WHAT THIS TASK INVOLVES: Retype nothing but the lines from the start of the material up to and including the line with "Pumps, Samt, Einfarbig". Pictures don't belong in the copy.

SUPPLIED DATA:
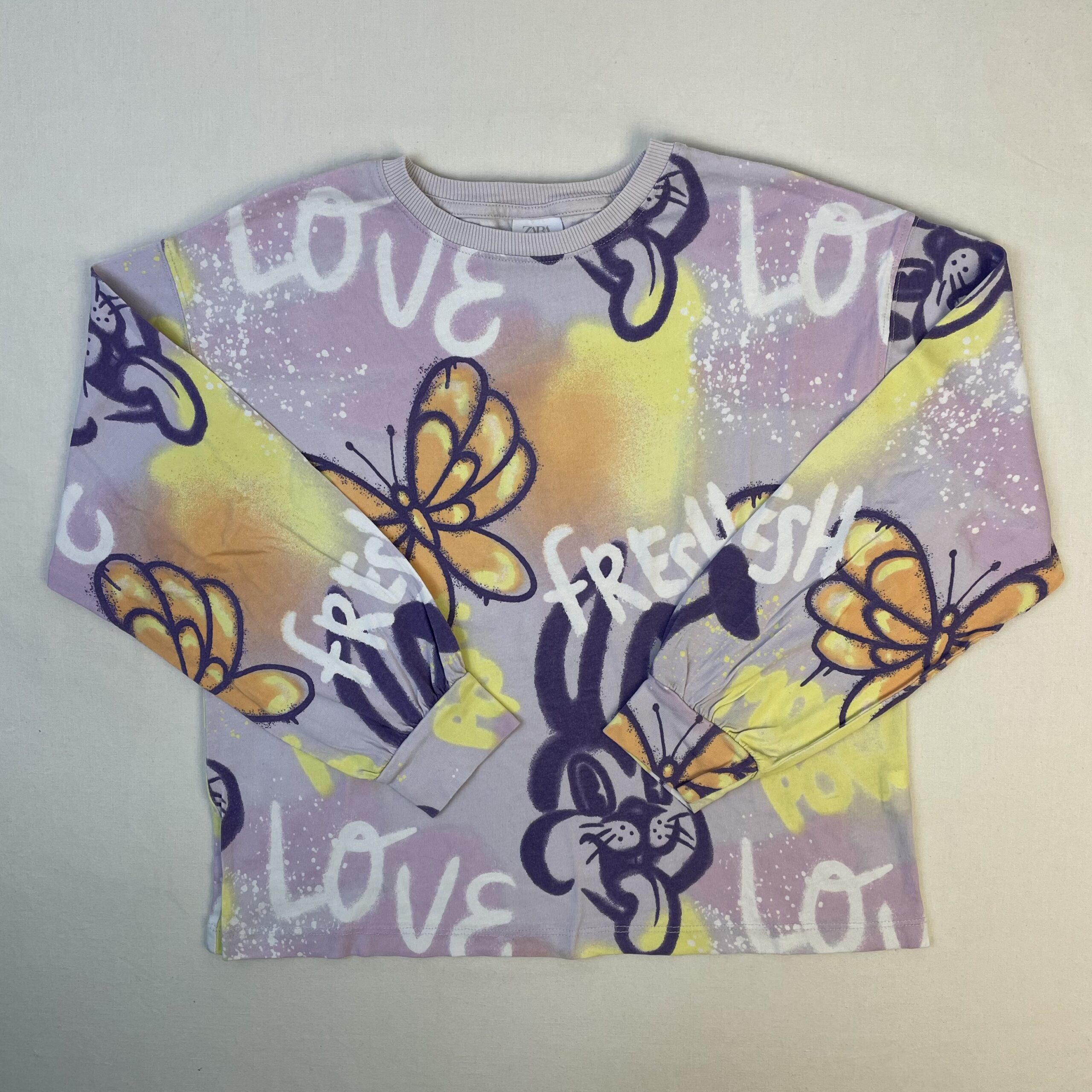 - T-shirt mauve parsemé de tags colorés de lapin, papillon, etc., assez court et et un peu oversize.
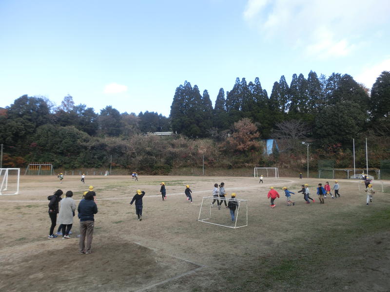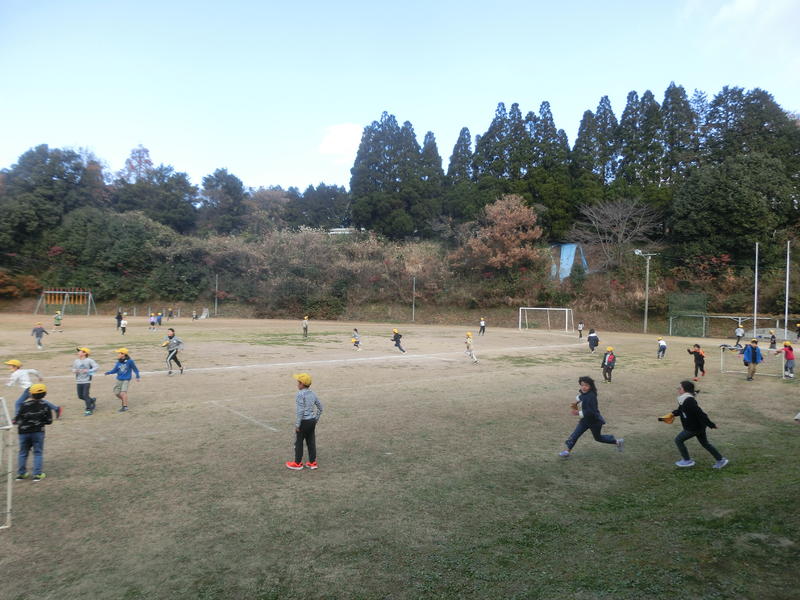お昼休み!寒さに負けずたくさんの子供が外遊びを楽しんでいました。今日は「学年ふれあいデー」で1年生と4年生が一緒に「ケイドロ」をして遊んでいました(^^)/
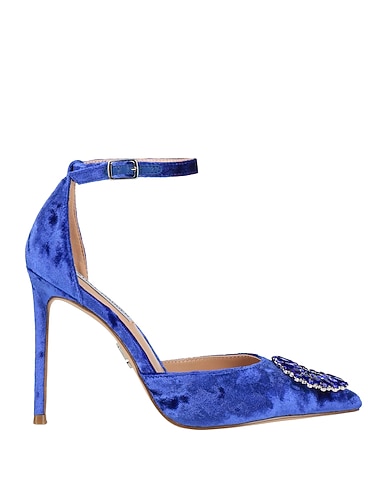 Pumps, Samt, Einfarbig mit Applikationen, Kristalle, gefüttert, Knöchelriemen mit Schnalle, Spitze, Stiletto-Absatz, gefasster Absatz, Gummisohle
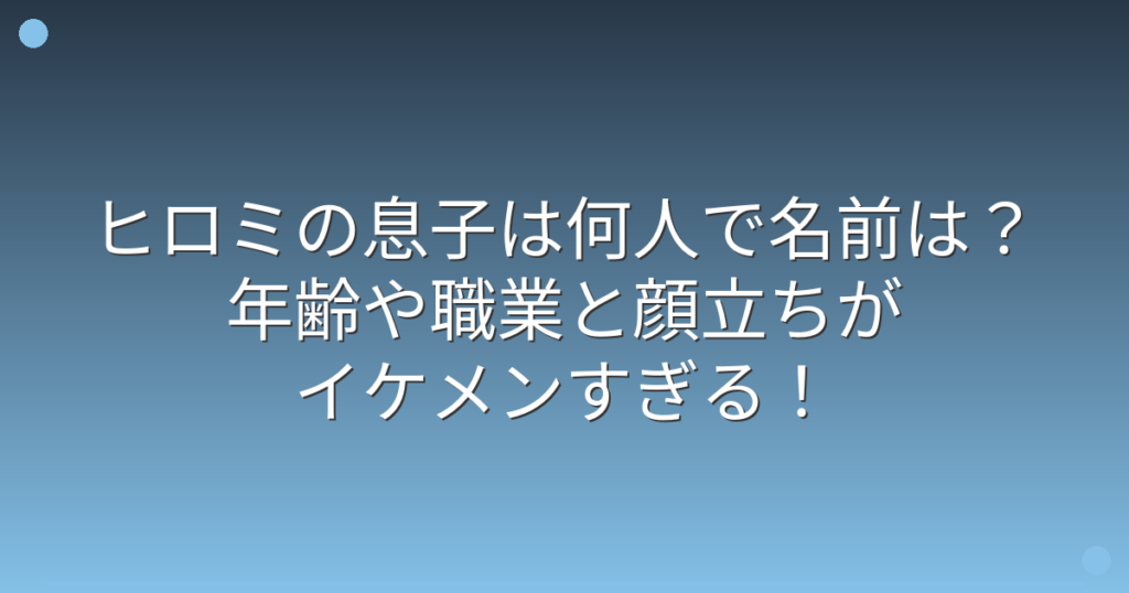 ヒロミの息子は何人で名前は?年齢や職業と顔立ちがイケメンすぎる!

SOLVED PROBLEM:
 - T-shirt mauve parsemé de tags colorés de lapin, papillon, etc., assez court et et un peu oversize.
お昼休み!寒さに負けずたくさんの子供が外遊びを楽しんでいました。今日は「学年ふれあいデー」で1年生と4年生が一緒に「ケイドロ」をして遊んでいました(^^)/
 Pumps, Samt, Einfarbig mit Applikationen, Kristalle, gefüttert, Knöchelriemen mit Schnalle, Spitze, Stiletto-Absatz, gefasster Absatz, Gummisohle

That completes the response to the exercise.